O emissário disse ainda que a dificuldade de governos e algumas corporações de compreender -ou a atitude deliberada de evitar compreender- a importância da pauta climática é algo trágico para todos.
O americano também mencionou sua frustração com a falta de avanços significativos nas políticas para conter as mudanças climáticas ao longo das últimas décadas.
“Eu estive em muitas, muitas, muitas reuniões, inclusive na Rio-92, e em muitas COPs [conferências da ONU sobre mudanças climáticas]. Então é um pouco chocante para mim estar falando da COP30 [que deve ocorrer em Belém, no Pará, em 2025] mesmo antes da COP28 [que começa em 30 de novembro, em Dubai]”, disse.
“Eu acho que todos estamos nos perguntando: haverá quantas COPs? Quantas COPs a ‘mãe natureza’ nos dará antes de ultrapassarmos fronteiras planetárias das quais não poderemos voltar?”, questionou, ressaltando que há extrema urgência em levar este assunto a sério.
Faltando pouco mais de seis semanas para a COP28, especialistas apontam que a guerra entre Israel e o Hamas deve prejudicar avanços nas negociações.
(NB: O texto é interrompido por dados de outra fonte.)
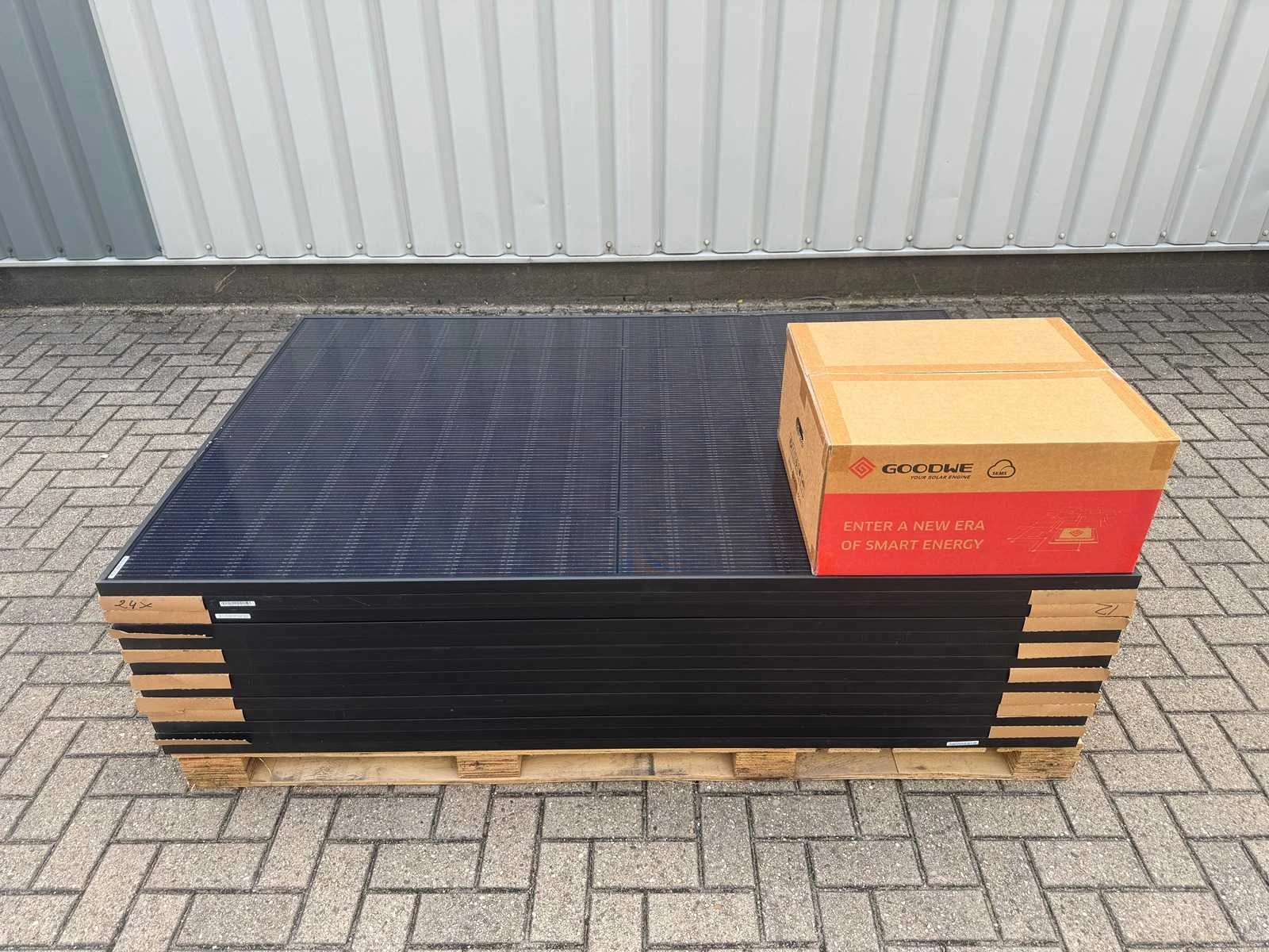 Set van 14 Full Black zonnepanelen Jinko JKM440N-54HL4R-B(440 wp) met GoodWe GW5048-ES Hybride omvormer (1-fase) 5 kW omvormer: GoodWe GW5048-ES, hybride omvormer enkelfase, 2-MPPT totaal vermogen: 6160Wp vermogen: 440 Wp per zonnepaneel conditie: nieuw Merk: Jinko Type: JKM440N-54HL4R-B Max. dc power: 440W Eigen gewicht: 21kg Totale afmeting L: 1762mm Totale afmeting Breedte: 1134mm Totale afmeting Hoogte: 30mm
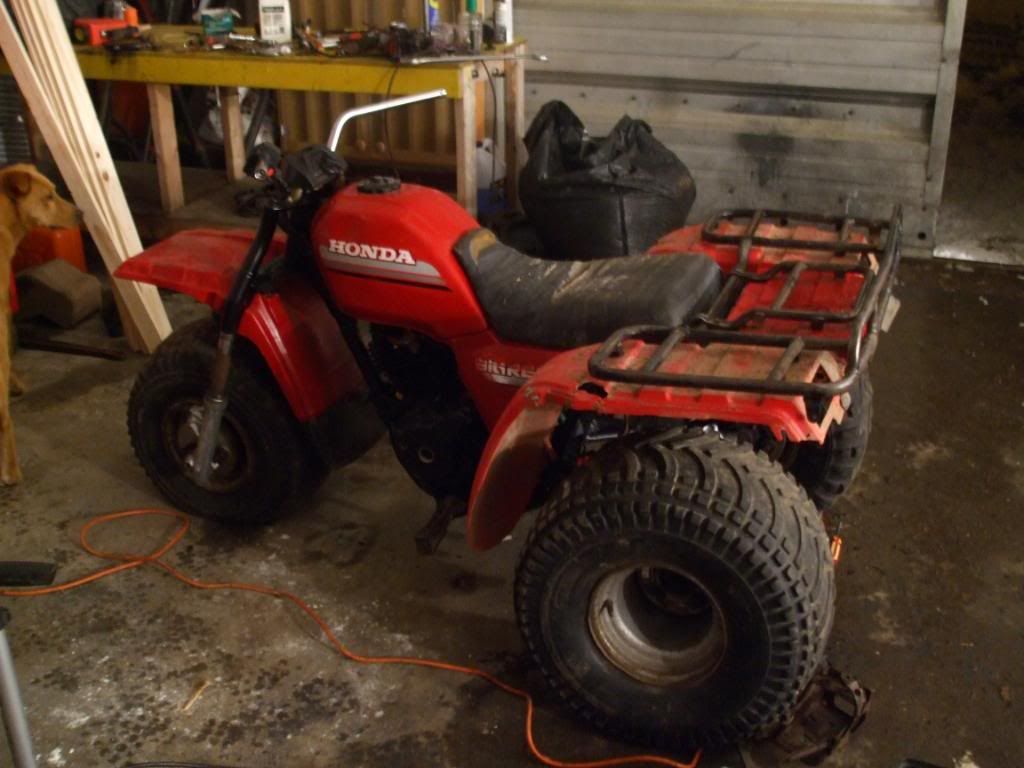 Thought this was project beater big red. Looks nice but I find the reds needs to be beat up a bit to totally enjoy them. Not caring about breaking the allready cracked plastics. Every big red/sx Ive seen has no brakes. Does yours? Hell even electric start is a luxuray item. Looks good.
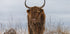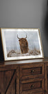 Majesteettinen skotlantilainen ylämaalainen seisoo rauhallisesti lumisessa maisemassa, sen pitkä, ruskea turkki, joka on pölyttyneenä vanteella ja sen sarvet kaartuvat valkoista horisonttia vasten. Mykistetty talvipaletti ja sumuinen kylmä luovat pohjoismaista rauhallista ja maalaisrunoutta. Kuvan on ottanut Jaap van den Helm. Nauhoitettu Veluwezoomissa, Alankomaissa ja ihanteellinen pohjoismaiseen maalaismaiseen sisustukseen.

O maior evento climático do mundo acontecerá de 30 de novembro a 12 de dezembro nos Emirados Árabes Unidos -país do Oriente Médio, região do conflito.
A previsão é de que haja um impacto negativo na priorização das pautas climáticas, assim como aconteceu em 2022, diante da invasão da Ucrânia pela Rússia.
Ele apontou que o Brasil pode servir como exemplo de desenvolvimento sustentável para o mundo e que a melhora nos números de desmatamento da Amazônia está se convertendo em mais investimentos.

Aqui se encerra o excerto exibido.